Via Samizdata I find this article by Christopher Hitchens in Slate. He gives a first hand account of North Korea, notes a few interesting aspects of how North Koreans see themselves, and shows a couple of simple and eloquent consequences of the evil tyranny that has destroyed the lives of tens of millions in that country over decades, one of which is this starkly stunning photograph of the night sky over the Korean peninsula.
He discusses how it is that these people can accept, up to a point, their oppression. It is well documented that in the Soviet empire almost everyone hated it, but they didn't know what to do, or were afraid to do it. In the People's Democratic Paradise it is doubtless much the same, but it is easy enough to give people a fake identity to cling to, and easy too to make them fear that anything else will be even worse.
It's a genuinely interesting article, in which he gives informed data and perspectives, and some intelligent analysis, and he makes no attempt to defend the odious dwarf Kim Jong-il and his evil blood-stained father, nor even does he do what left-wing apologists for tyrants so often do, wring his hands about how, if only it had been done properly it would have been wonderful.

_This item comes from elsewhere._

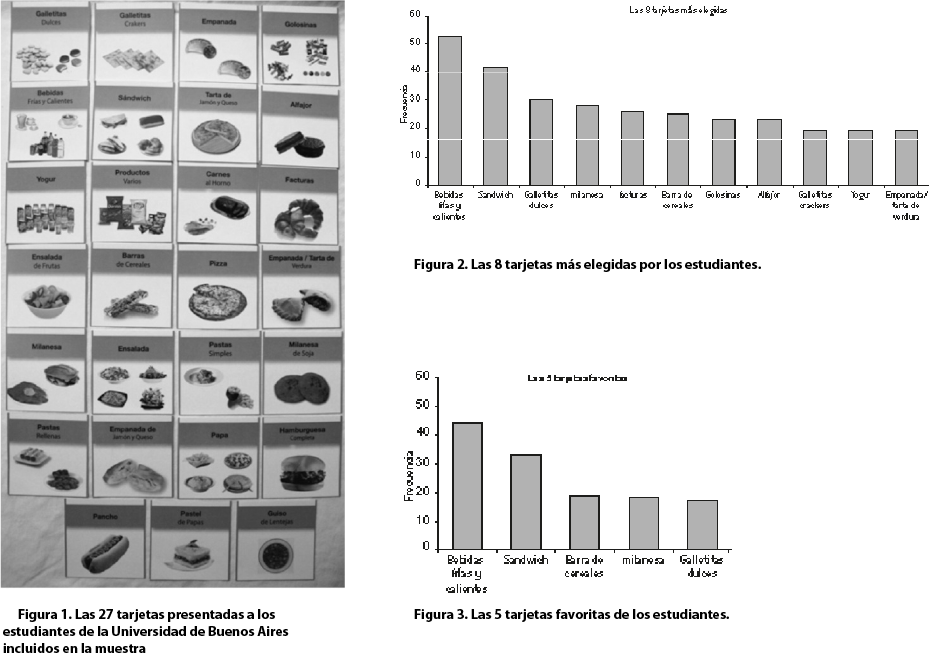 Las 5 tarjetas favoritas de los estudiantes fueron: Bebidas frías y calientes, Sándwich, Barra de Cereales, Milanesas y Galletitas dulces. Se utilizarán estos resultados para diseñar una investigación cuantitativa que permita corroborar patrones de consumo y ofrecer alternativas alimentarias para las cantinas universitarias que contribuyan al cuidado de la salud de los estudiantes.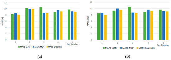 Figure 13 shows the average MAPE obtained by the two individual prediction models LSTM and MLP as well as the ensemble model over the entire testing period for the day-ahead time frame. The LSTM models MAPE average is 9.50%, MLP achieves a MAPE of 9.276%, while the ensemble models achieve a MAPE of 9%. As it can be seen in the chart, on some days the LSTM works better, while on others the MLP models predict with better accuracy. On the second test day, the ensemble model achieves a MAPE of 8.15%, best result obtained by any of the three models.

Instead he uses a rather novel approach to not condemning communist murderers- he pretends they're not communists at all, but are in fact right-wing fascists.
The idea is not his, but comes from a book he has been reading, which also sounds interesting. He reaches the conclusion that communism is dead in North Korea because the word has been dropped from the constitution (of which more later) and they no longer speak of the people owning the means of production. The truth is simply that they have dropped all pretence that the people own anything at all, not even their own lives. Communist countries have never allowed any real ownership, whether common or individual, to the people; all ownership and control is reserved, necessarily, to the ruling elite. It is surprising, to say the least, that Christopher Hitchens fails to realize that, just because the dear leader has explicitly told his people what most communist tyrants hide behind meaningless words on worthless bits of paper- that they are nothing and have nothing- the country has not ceased to be a communist tyranny.